The parametric bootstrap can be used to check the adequacy of model fit. Here we use a \(\chi^2\) statistic appropriate for binary data.

```
chisq <- function(fm) {
umf <- fm@data
y <- umf@y
y[y>1] <- 1
sr <- fm@sitesRemoved
if(length(sr)>0)
y <- y[-sr,,drop=FALSE]
fv <- fitted(fm, na.rm=TRUE)
y[is.na(fv)] <- NA
sum((y-fv)^2/(fv*(1-fv)), na.rm=TRUE)
}
(pb <- parboot(fm2, statistic=chisq, nsim=100, parallel=FALSE))
```

```
##
## Call: parboot(object = fm2, statistic = chisq, nsim = 100, parallel = FALSE)
##
## Parametric Bootstrap Statistics:
## t0 mean(t0 - t_B) StdDev(t0 - t_B) Pr(t_B > t0)
## 1 356 17.5 17.6 0.149
##
## t_B quantiles:
## 0% 2.5% 25% 50% 75% 97.5% 100%
## t*1 302 312 327 334 347 379 391
##
## t0 = Original statistic computed from data
## t_B = Vector of bootstrap samples
```

We fail to reject the null hypothesis, and conclude that the model fit is adequate.

The `parboot`

function can be also be used to compute confidence intervals for estimates of derived parameters, such as the proportion of \(N\) sites occupied \(\mbox{PAO} = \frac{\sum_i z_i}{N}\) where \(z_i\) is the true occurrence state at site \(i\), which is unknown at sites where no individuals were detected. The `colext`

vignette shows examples of using `parboot`

to obtain confidence intervals for such derived quantities. An alternative way achieving this goal is to use empirical Bayes methods, which were introduced in `unmarked`

version 0.9-5. These methods estimate the posterior distribution of the latent variable given the data and the estimates of the fixed effects (the MLEs). The mean or the mode of the estimated posterior distibution is referred to as the empirical best unbiased predictor (EBUP), which in `unmarked`

can be obtained by applying the `bup`

function to the estimates of the posterior distributions returned by the `ranef`

function. The following code returns an estimate of PAO using EBUP.

`## [1] 0.8076923`

Note that this is similar, but slightly lower than the population-level estimate of \(\psi\) obtained above.

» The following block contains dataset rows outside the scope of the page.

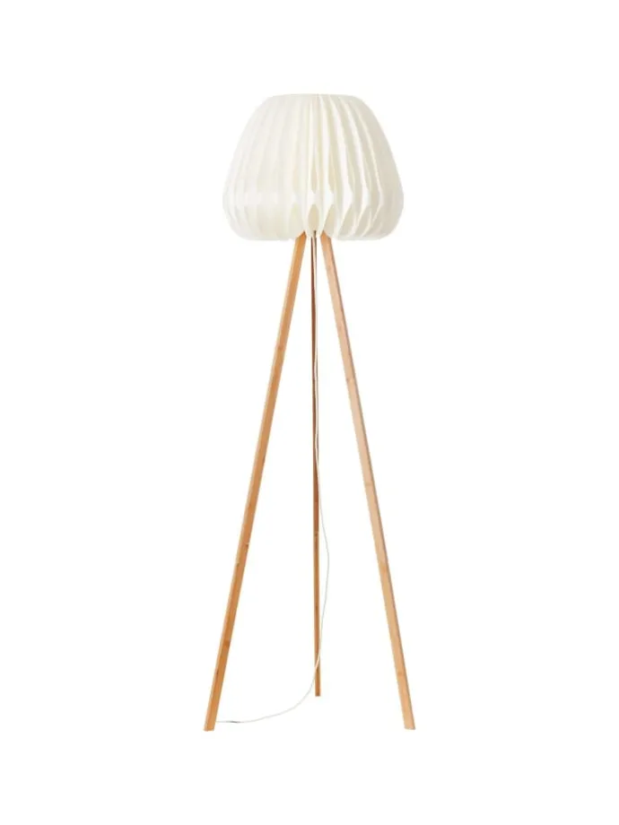 Die 1-flammige Stehleuchte Inna besitzt alles, was es zu einem modernen Hingucker braucht. Stilvolle Elemente aus echtem Bambus und weißem Kunststoff runden das Gesamtbild der Lampe exzellent ab. Wir verbinden dabei exquisites Design mit innovativer und sparsamer Technik. Dank des nachwachsenden Bambusholzes ist unsere Standleuchte Inna besonders nachhaltig.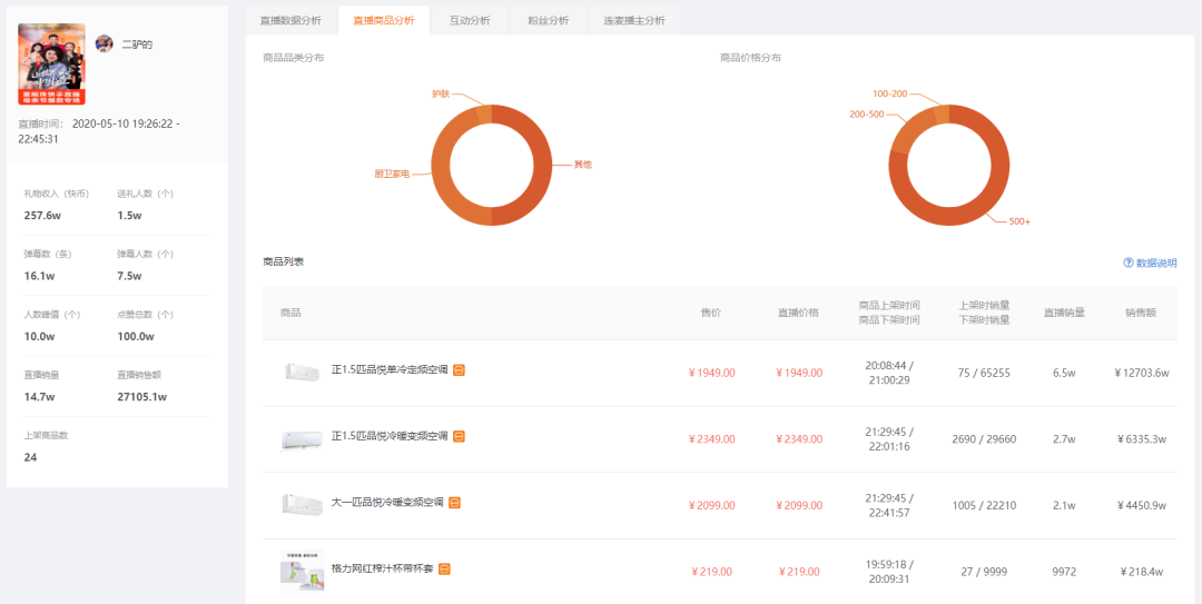 通过快手这场直播带货数据可以看到,卖得最火的三款空调销售额超过2亿,达到总销售额的三分之二!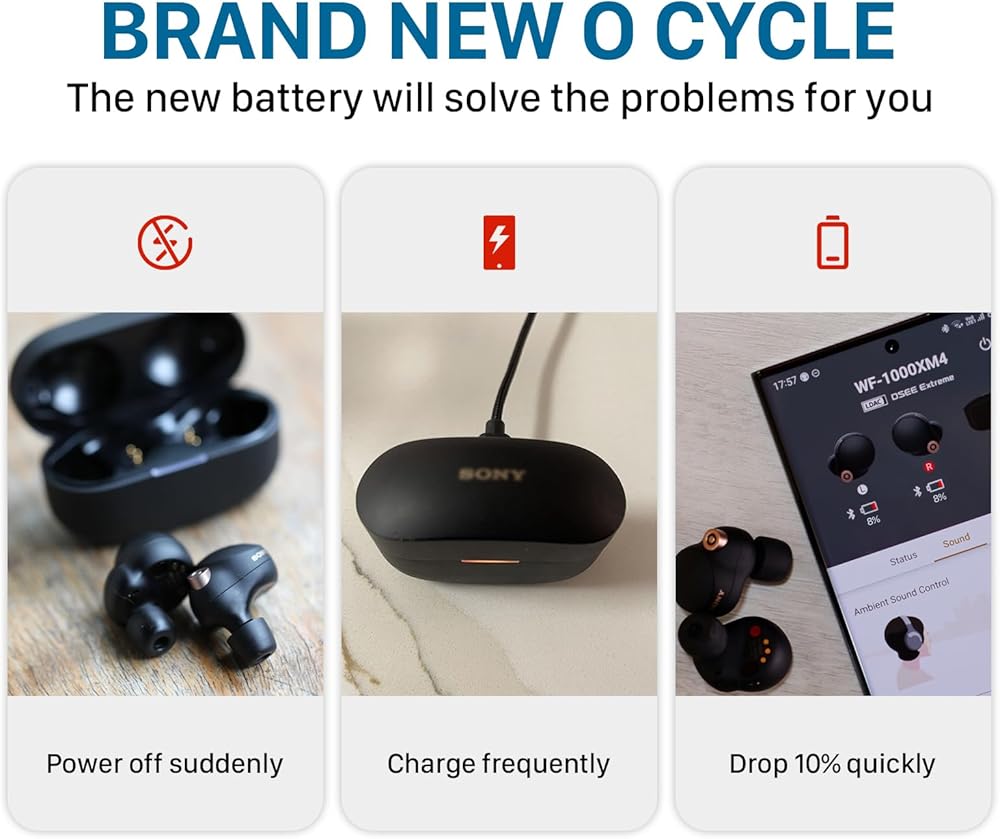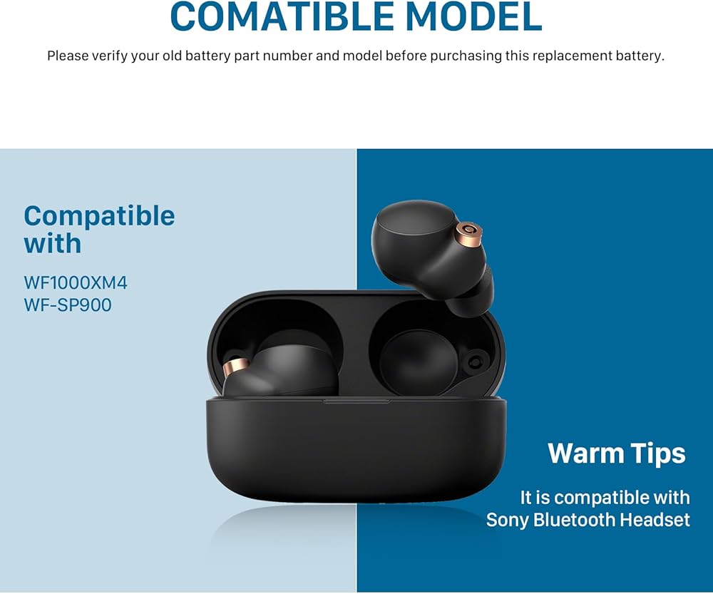 قطعتان من بطارية Z55H، [75 مللي أمبير في الساعة] (𝟮𝟬𝟮𝟰 𝗡𝗲𝘄 𝗨𝗽𝗴𝗿𝗮𝗱𝗲𝗱) متوافقة مع بطارية سماعة الرأس Sony لـ WF-1000XM4 • بطارية سماعات رأس لاسلكية تمامًا

A plot method also exists for objects returned by `ranef`

, but distributions of binary variables are not so pretty. Try it out on a fitted abundance model instead.

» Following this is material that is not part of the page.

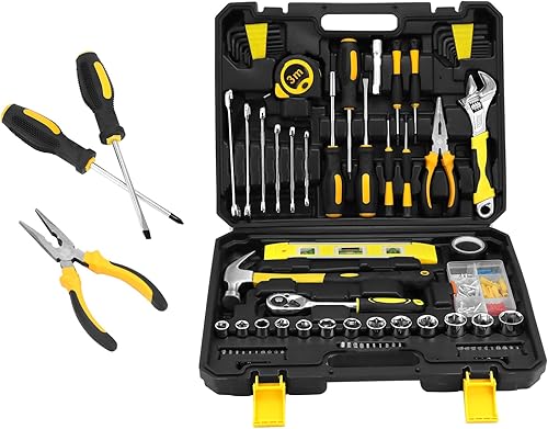 Cassetta Attrezzi Completa, Valigetta Attrezzi 140 Pezzi, Cassetta Attrezzi con Cacciavite e Chiave Inglese, per Edilizia e Casa
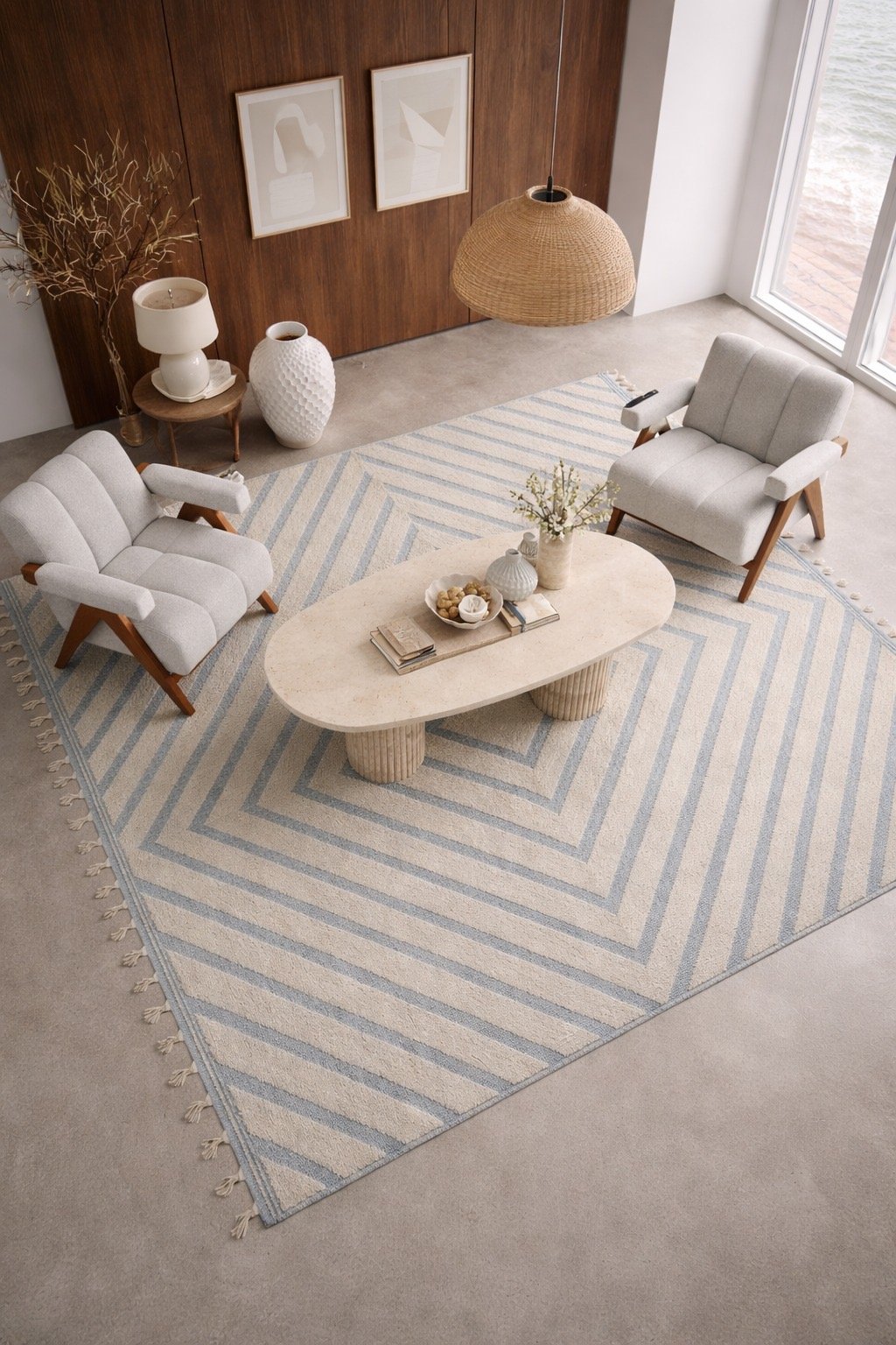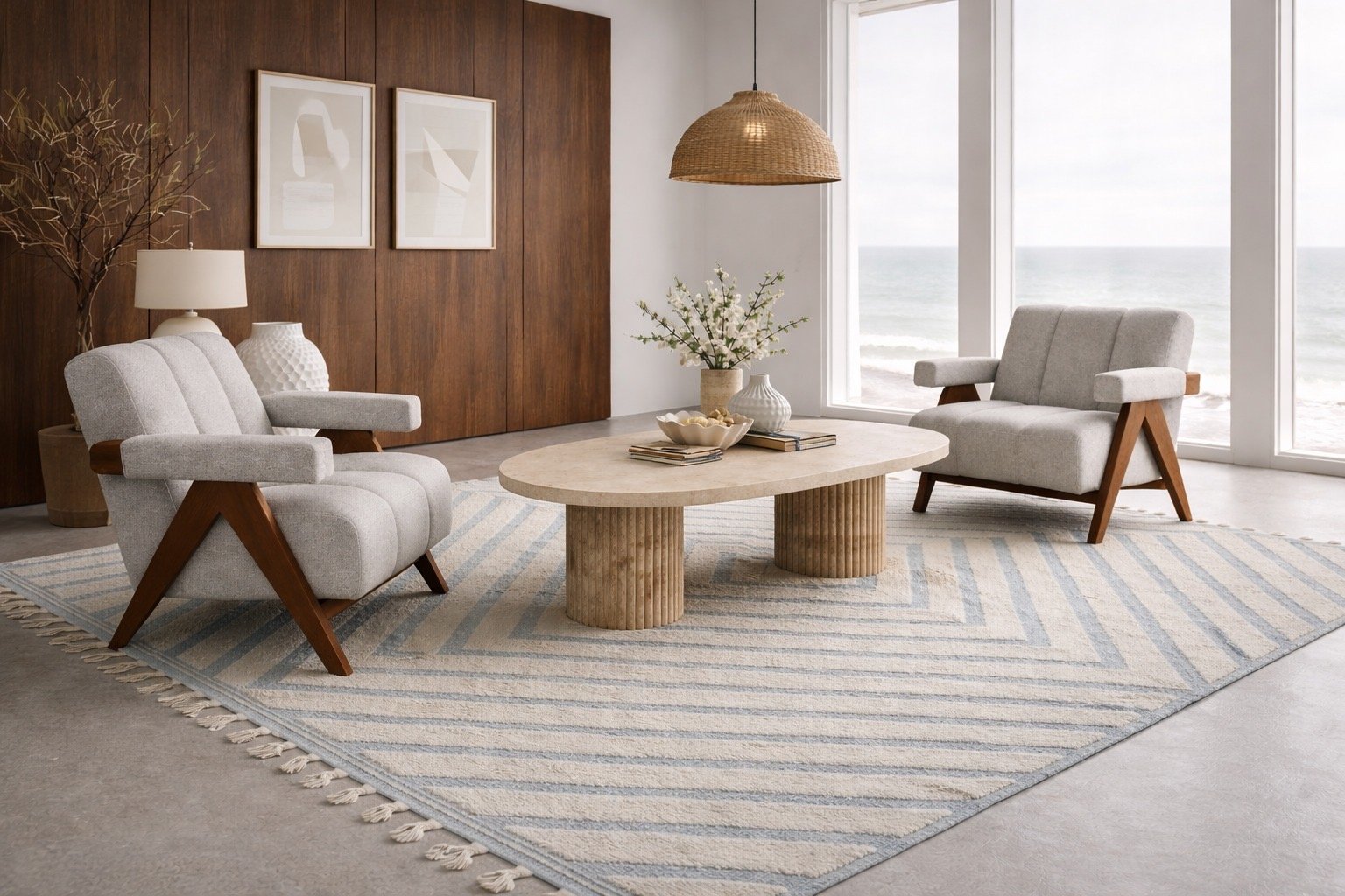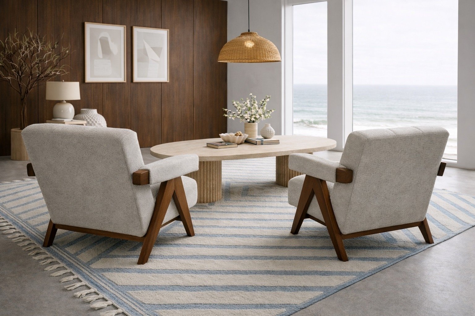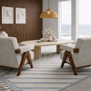 Redefine your sanctuary with a blend of architectural precision and seaside serenity. The Rivato Coastal Living Set by TABLEMARBLE is a curated collection designed for those who appreciate the quiet luxury of organic materials and minimalist forms. This set anchors your living space with a sophisticated palette of warm walnut, cool stone, and textured textiles.

Chandler, R. B., J. A. Royle, and D. I. King. 2011. Inference about density and temporary emigration in unmarked populations. Ecology 92:1429–1435.

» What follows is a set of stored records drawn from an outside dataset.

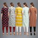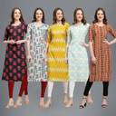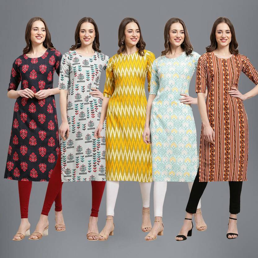 1 Stop Fashion Pack of 5 Women Printed Crepe Straight Kurta  (Multicolor)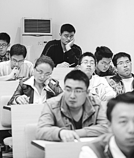 早在入學前姚明就表示不想只是單單混個文憑,這也就注定了其求學之路絕對不會一帆風順。雖然主修金融學,但姚明所要涉及的還包括新聞、歷史等科目。對于網絡上傳言的掛科說,害羞的姚明不愿意透露自己的期末考試成績,但對于自己在學習上的弱勢科目,巨人則毫不避諱,他一針見血地表示:“雖然所學的科目比較多,但大多數的學科我還是能夠勉強應付,唯獨高數讓我十分難過,高數是我最頭痛的東西,因為這個科目的邏輯性比較強,而且知識比較系統,前面的功課缺一點,后面就很難連接得上,所以高數現在對于我來說,應該是最困難的,但是通過我和老師的努力,我的成績每一天都會有進步。”
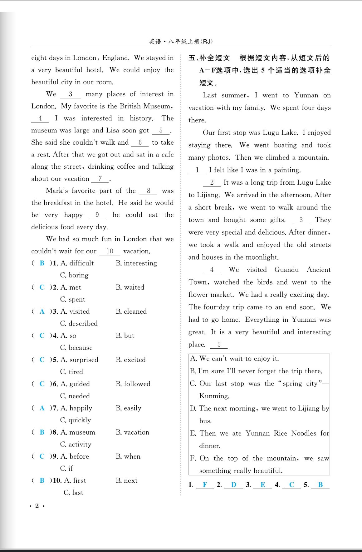 注:目前有些书本章节名称可能整理的还不是很完善,但都是按照顺序排列的,请同学们按照顺序仔细查找。练习册 2023年蓉城学霸八年级英语上册人教版成都专版 答案主要是用来给同学们做完题方便对答案用的,请勿直接抄袭。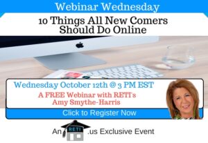 “10 Things All Newbies Should Do Online” The Internet is a huge expansive world and can be intimidating not knowing what to do, where to start, etc. especially for someone newer to real estate. In this session Amy will give you 10 great tips you need to know if you’re going to venture online. Instructor: Amy Smythe-Harris Wednesday October 12th @ 3 PM EST Click to Watch this Webinar on Replay

Fiske, I., and R. Chandler. 2011. **Unmarked**: An **R** package for fitting hierarchical models of wildlife occurrence and abundance. Journal of Statistical Software 43:1–23.

MacKenzie, D. I., J. D. Nichols, J. E. Hines, M. G. Knutson, and A. B. Franklin. 2003. Estimating site occupancy, colonization, and local extinction when a species is detected imperfectly. Ecology 84:2200–2207.

MacKenzie, D. I., J. D. Nichols, G. B. Lachman, S. Droege, J. A. Royle, and C. A. Langtimm. 2002. Estimating site occupancy rates when detection probabilities are less than one. Ecology 83:2248–2255.

Royle, J. A. 2004a. N-mixture models for estimating population size from spatially replicated counts. Biometrics 60:108–115.

Royle, J. A. 2004b. Generalized estimators of avian abundance from count survey data. Animal Biodiversity and Conservation 27:375–386.

Royle, J. A., D. K. Dawson, and S. Bates. 2004. Modeling abundance effects in distance sampling. Ecology 85:1591–1597.

Royle, J. A., and R. M. Dorazio. 2008. Hierarchical modeling and inference in ecology: The analysis of data from populations, metapopulations and communities. Academic Press.

Royle, J. A., and J. D. Nichols. 2003. Estimating abundance from repeated presence-absence data or point counts. Ecology 84:777–790.